Mercedes ou Ferrari: estas são as duas únicas opções da Red Bull caso a Renault decida deixar de fornecer motores para a equipe a partir de 2017, quando se encerra o atual acordo com os franceses. Os tetracampeões não consideram uma eventual parceria com a outra fornecedora de motores da Fórmula 1, a Honda, ou mesmo contar com outra marca.
A relação da Red Bull com a Renault vem se deteriorando nos últimos meses, com as dificuldades que os franceses vêm tendo para melhorar a confiabilidade e a competitividade das unidades de potência híbridas V6 turbo, utilizadas na F-1 desde o início de 2014. O período coincide com a queda nos resultados do time, que foi tetracampeão entre 2010 e 2013, também com a Renault, e hoje é a quarta colocada no mundial.
Com a relutância de Mercedes e Ferrari em fornecer seus motores para um time cujo orçamento permitiria competir de igual para igual com suas equipes de fábrica, chegou a ventilar a possibilidade de uma montadora iniciar um projeto do zero para atender a Red Bull, como a Volkswagen, mas isso foi rechaçado pelo consultor do time, Helmut Marko.
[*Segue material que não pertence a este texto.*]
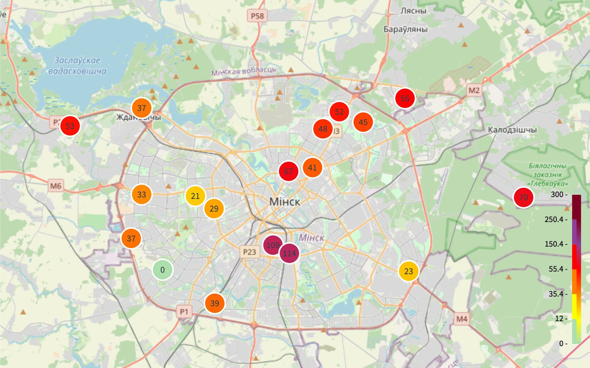 — 20 января в утренние часы в четырех районах города (проспект Независимости, 110А, ул.Тимирязева, 23, ул.Радиальная, 50, и микрорайон «Уручье») отмечено увеличение уровня загрязнения воздуха оксидом азота: максимальная из разовых концентраций достигла 2,5 предельно допустимой концентрации, — рассказали БелТА в ведомстве.

“Essa unidade de potência é tão complicada que não dá para dizer ‘ok, vamos fazer'”, afirmou ao motorsport.com. “Você precisa de pelo menos três anos de desenvolvimento e é uma decisão que depende de um grande investimento financeiro. Se eu estivesse no conselho de algum grande fabricante, perguntaria ‘para onde a F-1 está indo? Quais as regras? Há estabilidade?’ Há muitos pontos de interrogação, eu diria.”
O austríaco também deixou claro que, mesmo que a Renault decida comprar a equipe Lotus e volte a ter seu time próprio a partir do ano que vem, isso não afeta a Red Bull. “Temos um contrato [para 2016] e, se a Renault decidir comprar uma equipe, não tem problema. Mas para 2017 a história é diferente. Estamos estudando tudo. Como se diz, nunca diga nunca. Estamos avaliando as opções.”